Guidelines recommend that patients with pleural infection are admitted to hospital for chest tube insertion and intravenous antibiotics. The current median hospital length of stay is 14 days with extended use of broad-spectrum intravenous antibiotics. There are no prospective randomised trials supporting this practice.

The major barriers to reducing the hospital-centric management are (i) default to chest tube insertion which limits patients’ mobility and recovery over more conservative approaches (ii) uncertainty about the penetration of antibiotics into the infected fluid leading to a reliance on extended intravenous antibiotic courses.

Therapeutic thoracentesis (TT) is an alternative to a chest tube, which involves draining the pleural space using a small catheter which is then removed. This can be repeated if fluid reaccumulates, but the patient is able to mobilise or even be discharged between procedures. During my NIHR Doctoral Research Fellowship (DRF) I completed the first randomised trial comparing chest tube drainage to TT (n=10).

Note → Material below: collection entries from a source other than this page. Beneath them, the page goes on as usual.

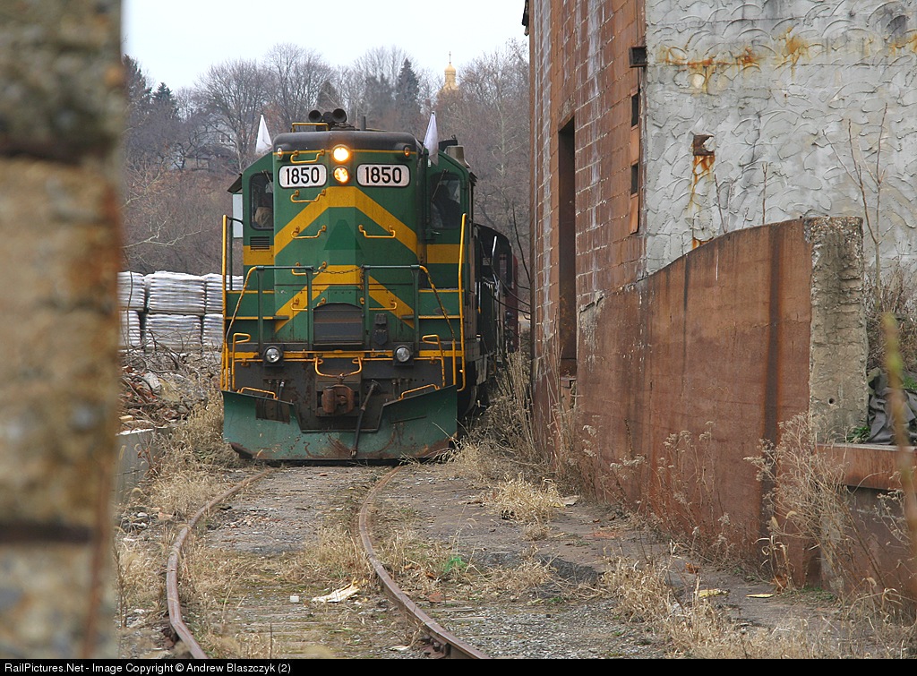 BDRV 1850 shoves the 142 and coach back around the sharpest curve on the 'line' and between two industries on the last few yards of the journey.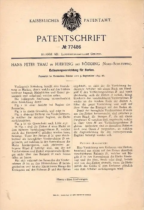 Original Patentschrift - H.P Thau in Hjerting b. Rödding , 1893 , Entleerer für Harken , Agrar , Rødding Kommune !!!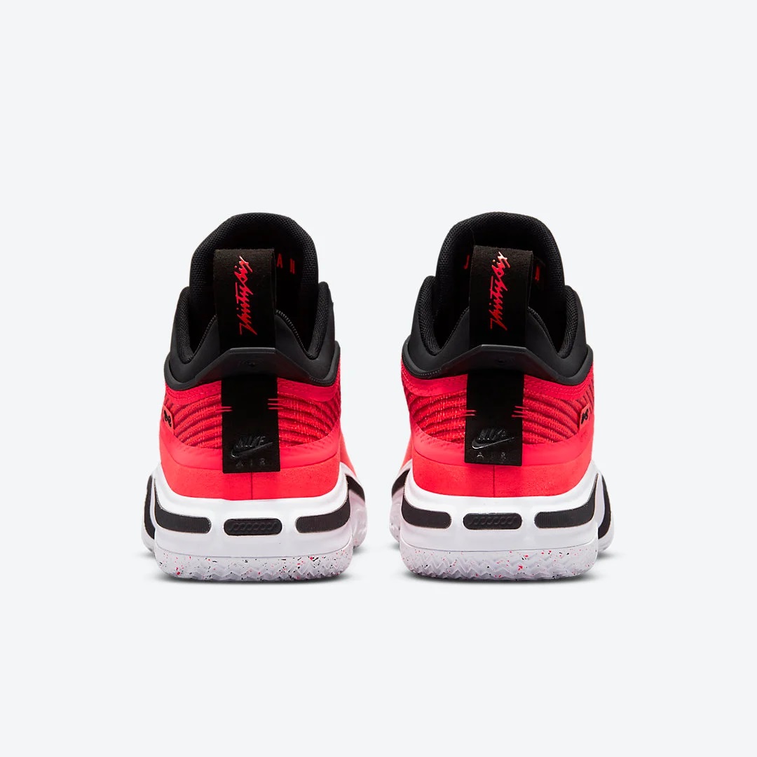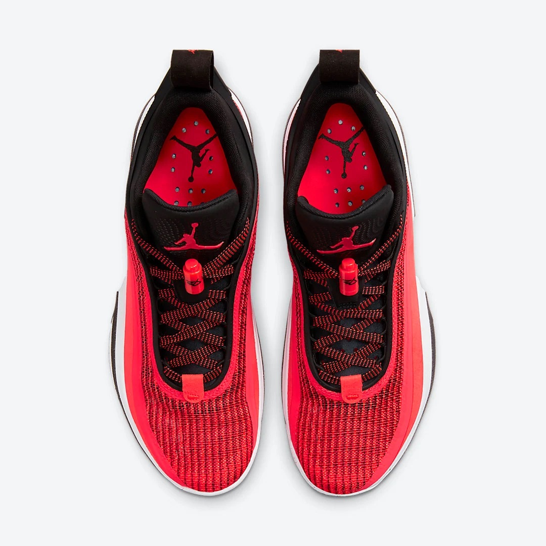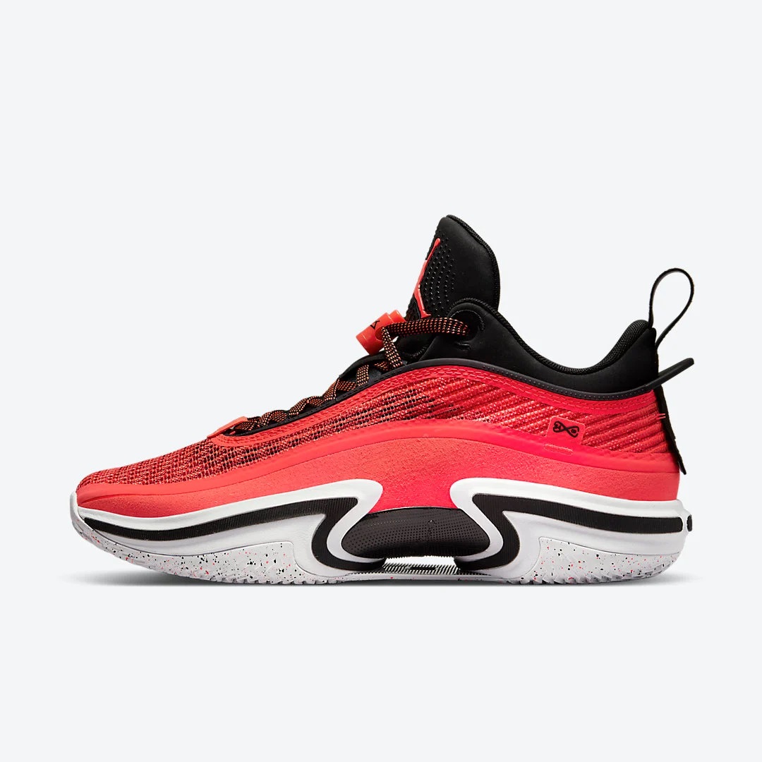 Ce premier coloris « Infrared 23 » est similaire à celui récemment dévoilé de la Air Jordan 36, avec une tige majoritairement rouge, un tissage Leno en rouge et noir et un gros « Jumpman » rouge sur fond noir sur la languette.

The focus was demonstrating feasibility of recruitment and pilot proof of the protocol (both demonstrated), and secondary analysis showed hospital length of stay was reduced by 50% in the TT group. As effective antibiotic therapy is required for successful resolution of the infected pleural fluid it is vital to understand how drainage technique and antibiotic choice (drug/route/duration) impacts antibiotic pharmacokinetics/pharmacodynamics (PK/PD) .

Aim: To test whether TT can reduce the hospital length of stay for patients with pleural infection and how antibiotic PK/PD is impacted, or can be optimised.

Methods: During this Efficacy and Mechanism (EME) Programme Advanced Fellowship I will run a full-scale clinical trial comparing chest tube drainage to TT. The Initial Management of Pleural infection: Aspiration versus Chest Tube (IMPACT) trial will recruit 172 patients from 12 UK hospitals over 30 months. This sample size will detect a 40% reduction in hospital length of stay from the intervention (8 vs 13 days), 90% power, alpha 0.05. This would represent a clinically important reduction that would alter current treatment paradigms.

To address the uncertainties around antibiotic PK/PD I have embedded a mechanistic workstream within the IMPACT trial. The pleural fluid drained from the TT and chest tubes from trial participants will be collected and correlated with antibiotic treatment. This will be analysed to address the PK/PD of antibiotics in the pleural fluid using techniques developed during my NIHR DRF.

By performing this during a trial it will provide a real-world assessment of which antibiotics should be used, whether oral antibiotics are equivalent to intravenous, and how drainage strategy affects antibiotic PK/PD.

Impact and dissemination: Both the clinical and mechanistic workstreams have the potential to generate practice changing findings that reduce the burden of pleural infection. I will publish results in medical journals and co-develop infographics that summarise the results for participants, charities, and the public.